## RECORDED DATA
....................

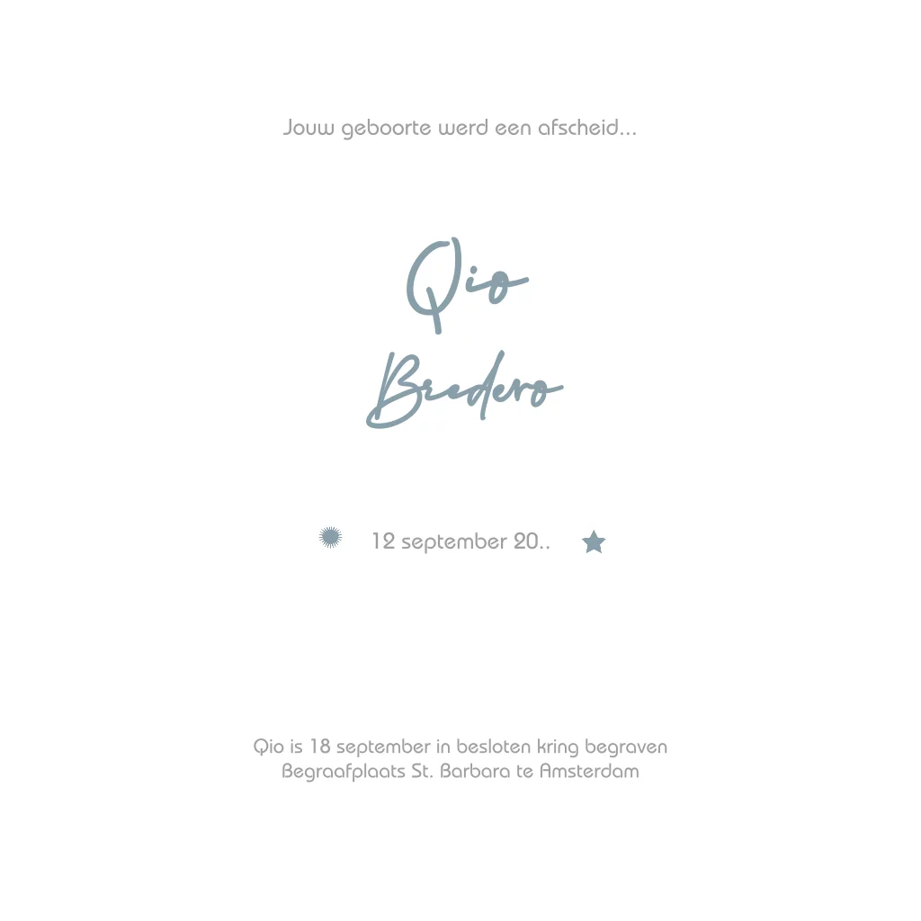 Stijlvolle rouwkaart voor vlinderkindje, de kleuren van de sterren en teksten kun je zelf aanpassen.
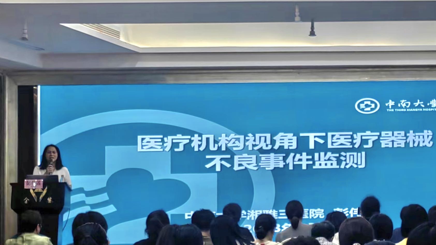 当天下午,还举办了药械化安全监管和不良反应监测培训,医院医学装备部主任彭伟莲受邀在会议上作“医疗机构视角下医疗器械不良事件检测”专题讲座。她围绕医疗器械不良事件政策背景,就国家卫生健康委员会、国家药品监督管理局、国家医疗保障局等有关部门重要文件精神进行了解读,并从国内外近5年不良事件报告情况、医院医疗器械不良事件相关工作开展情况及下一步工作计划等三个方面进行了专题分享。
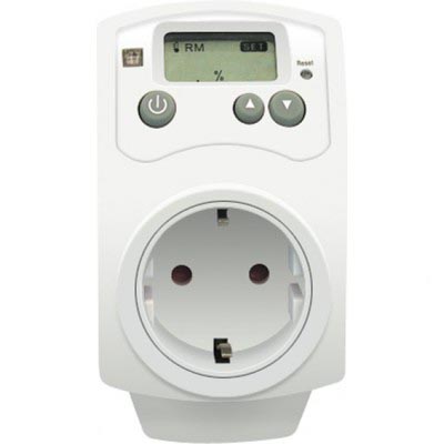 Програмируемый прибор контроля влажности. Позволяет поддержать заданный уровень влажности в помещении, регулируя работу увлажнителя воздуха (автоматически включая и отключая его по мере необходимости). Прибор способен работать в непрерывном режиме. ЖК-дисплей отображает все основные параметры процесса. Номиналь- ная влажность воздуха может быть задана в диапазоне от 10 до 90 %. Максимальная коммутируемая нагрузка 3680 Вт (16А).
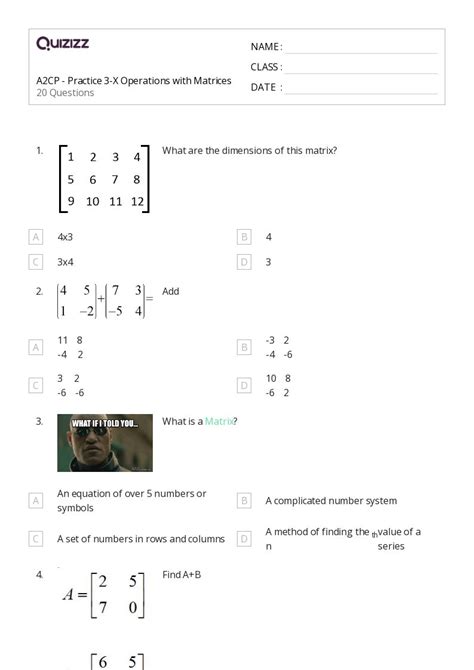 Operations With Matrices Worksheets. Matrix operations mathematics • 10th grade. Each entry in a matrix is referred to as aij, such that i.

....................

## TASK GOAL
Would you repeat the material above exactly, line for line, from its first line to the line with "当天下午,还举办了药械化安全", including both and skipping every picture?

## SOLUTION FOR THIS EXERCISE
 Stijlvolle rouwkaart voor vlinderkindje, de kleuren van de sterren en teksten kun je zelf aanpassen.
 当天下午,还举办了药械化安全监管和不良反应监测培训,医院医学装备部主任彭伟莲受邀在会议上作“医疗机构视角下医疗器械不良事件检测”专题讲座。她围绕医疗器械不良事件政策背景,就国家卫生健康委员会、国家药品监督管理局、国家医疗保障局等有关部门重要文件精神进行了解读,并从国内外近5年不良事件报告情况、医院医疗器械不良事件相关工作开展情况及下一步工作计划等三个方面进行了专题分享。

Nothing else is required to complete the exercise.